BLACKENED SMACKOVER: CONTACT METAMORPHIC AUREOLE SURROUNDING AN ALKALI IGNEOUS DIKE IN THE SUBSURFACE OF NORTHERN LOUISIANA

The Smackover Formation is a major hydrocarbon source rock in the Gulf Coastal region. During the Cretaceous, the hydrocarbon-rich Smackover was intruded by numerous alkali igneous dikes which are suspected to have transferred heat to the surrounding host rocks and caused conversion of liquid hydrocarbons to gas. A drill core recovered from the Carter Hope-Fee Well, Morehouse Parish, LA records the presence of an 11 m section of intrusive alkaline igneous rock penetrating the Smackover siltstones and carbonate mudstones at 1.9 km depth.

Surrounding the dike is an asymmetric contact metamorphic aureole as recorded, in part, by newly developed metamorphic/metasomatic minerals in the host rock six meters above and four meters below the dike. Adjacent to the dike, the siltstones and mudstones were transformed to produce metamorphic mineral assemblages rich in alkali and alkaline earth elements as well as fluorine; hydrogrossular, diopside, pectolite, apophyllite, fluorite, and feldspars. Modes of minerals change as a function of distance from the dike, thermal environment, and protolith composition. Formation of these mineral assemblages requires increased temperatures and significant mass transport of components from the dike into the host rocks.
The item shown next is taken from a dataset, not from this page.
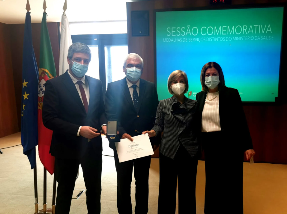 (Da esquerda para a direita) Joel Azevedo, administrador da SUCH, Paulo Sousa, presidente da SUCH, Marta temido, ex-ministra da Saúde, e Ana Maria Nunes, administradora da SUCH. A equipa executiva da SUCH foi reconduzida num despacho de Abril de 2022 pela então ministra da Saúde, Marta Temido (na foto, a segunda a contar da direita), e o ministro das Finanças, Fernando Medina. / Foto: D.R.

A series of coupled heat and mass transport calculations provided thermal constraints for the aureole and insights into accompanying mass transport associated with the sedimentary rock–dike system. Calculations were done for systems with homogeneous, anisotropic and layered permeability. Transport, dissolution, and precipitation of silica were also incorporated into calculations. All systems modeled indicate that the thermal pulse waned in about 3 yr with a return to background temperatures in about 10 yr. Heat and fluid transport produce maximum temperature isotherms that are distinctly different in spatial extent and lateral variability for each numerical system. The small size of the thermal alteration zone suggests that if significant amounts of gas is to be produced by thermogenic sources such as these relatively thin dikes, that many dikes or much thicker dikes must be emplaced within close spatial and temporal proximity.